The above proof I got from UofT's CS412 lecture slides. So I have a few questions regarding this notation that I don't understand
This looks like it is showing that a function $\phi()$ of an observation sampled from the empirical distribution has expected value equal to the expected value of $\phi()$ over the underlying distribution $p(x)$. Which would be relevant to bootstrap estimation.
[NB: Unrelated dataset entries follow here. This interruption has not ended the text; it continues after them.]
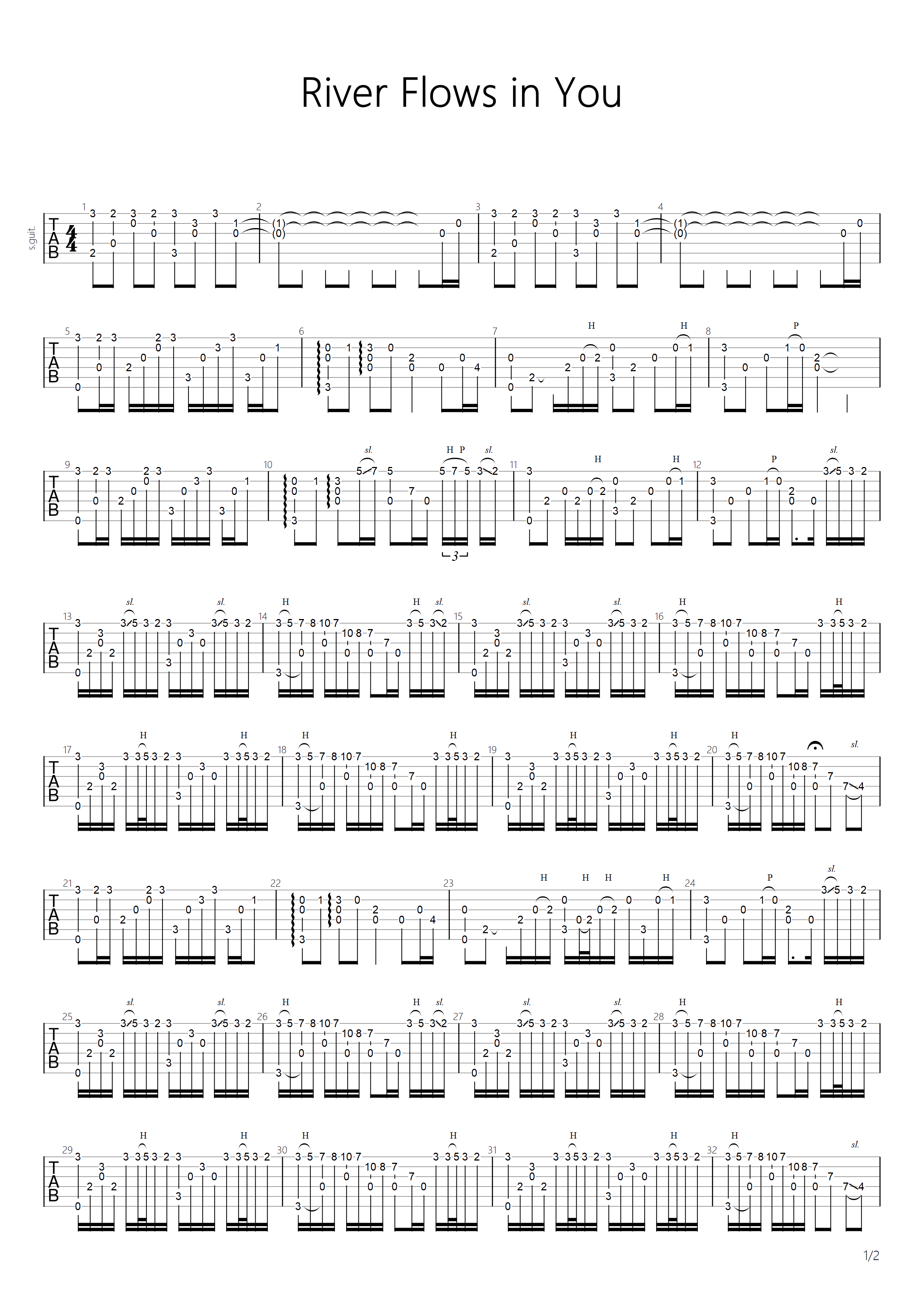 River Flows In You吉他谱 - River - 吉他独奏谱
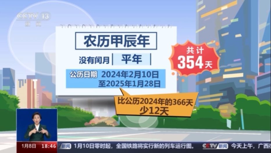 即將到來的農(nóng)歷甲辰年沒有閏月,因此是一個平年,其對應(yīng)的公歷日期為2024年2月10日至2025年1月28日,共計354天。所以比公歷2024年的366天少了12天。
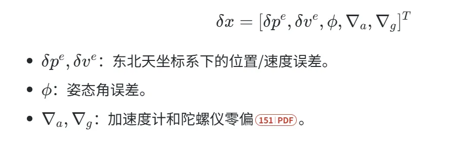 - 状态方程:描述误差传播过程。例如,IMU的加速度计零偏、陀螺仪零偏等误差模型:
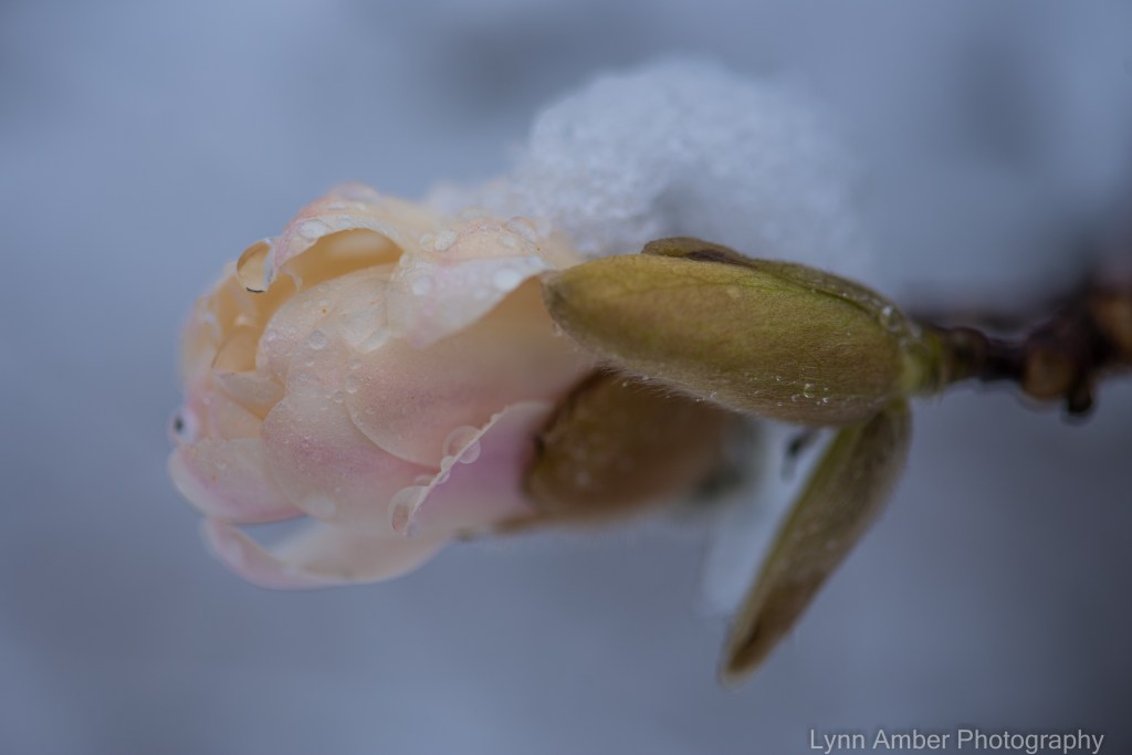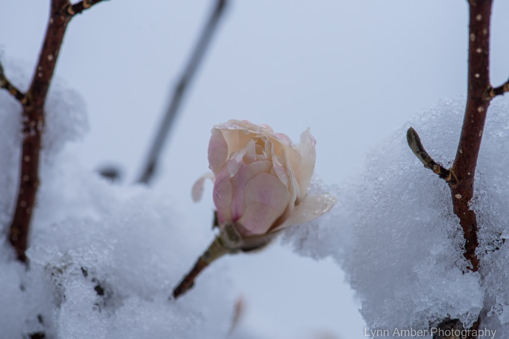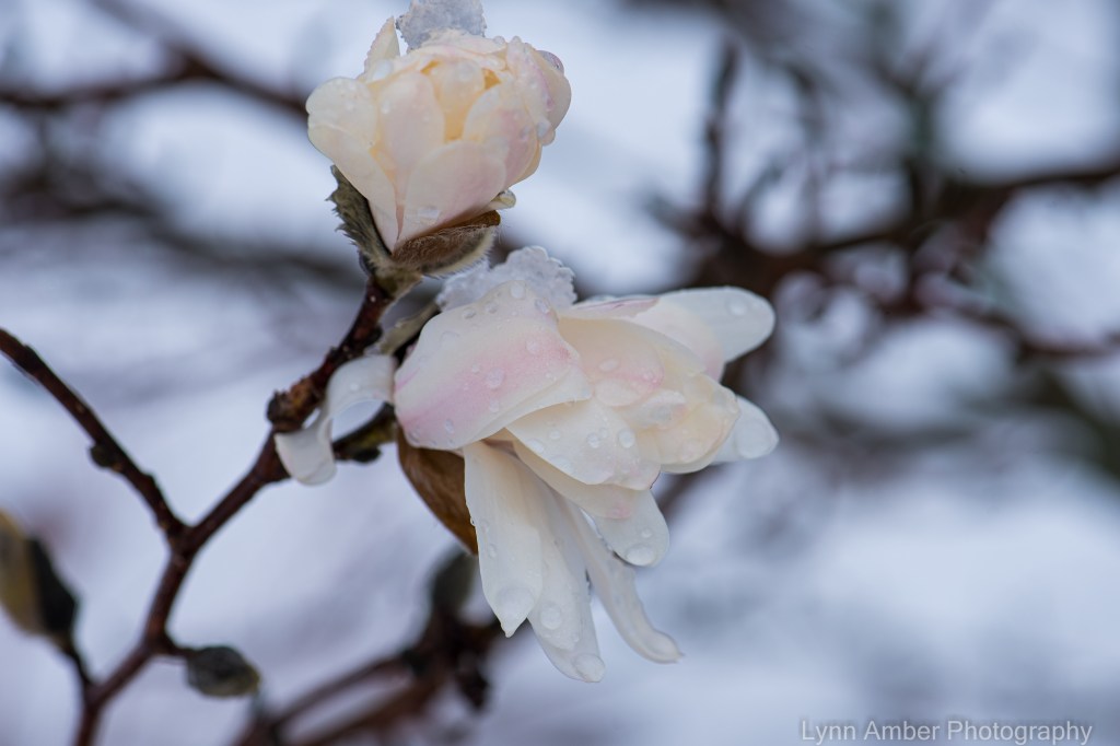 I believe a more appropriate common name for the Star Magnolia should be Snow Magnolia! Here in the north where this magnolia reaches its hardiness limit, the opening blossoms often endure late cold snaps and snowstorms that damage its buds and discolor flowers. Thankfully, our mid-April snowstorm yesterday did not bring freezing temperatures and I believe the flowers and buds survived with minimal injury. I found the snow-covered branches and flowers to be photo-worthy and managed to snap a few pictures before the snow melted.

If so, $x\sim p\left(\{x^{(r)}\}_{r=1}^R\right)$ means that $x$ is sampled with equal probability from the $R$ observations $\{x_1, \dots, x_R\}$.
In the first equality, the average on the right-hand side is the expectation over sampling from $\{x_1, \dots, x_R\}$ of the function $\phi(x)$. The $\mathbb{E}$ is expectation over the distribution $\{x_1, \dots, x_R\}$ came from.
The second equality pulls the sum out through the $\mathbb{E}$, by linearity of expectation.
The third equality is the key. It says that since any $x^{(r)}$ was just sampled from $p(x)$ originally, $\mathbb{E}[\phi(x^{(r)}]$ is just the same as $\mathbb{E}[\phi(x)]$ for any observation from the population distribution $p(x)$.
The final step just notices that you have the average of $R$ identical things.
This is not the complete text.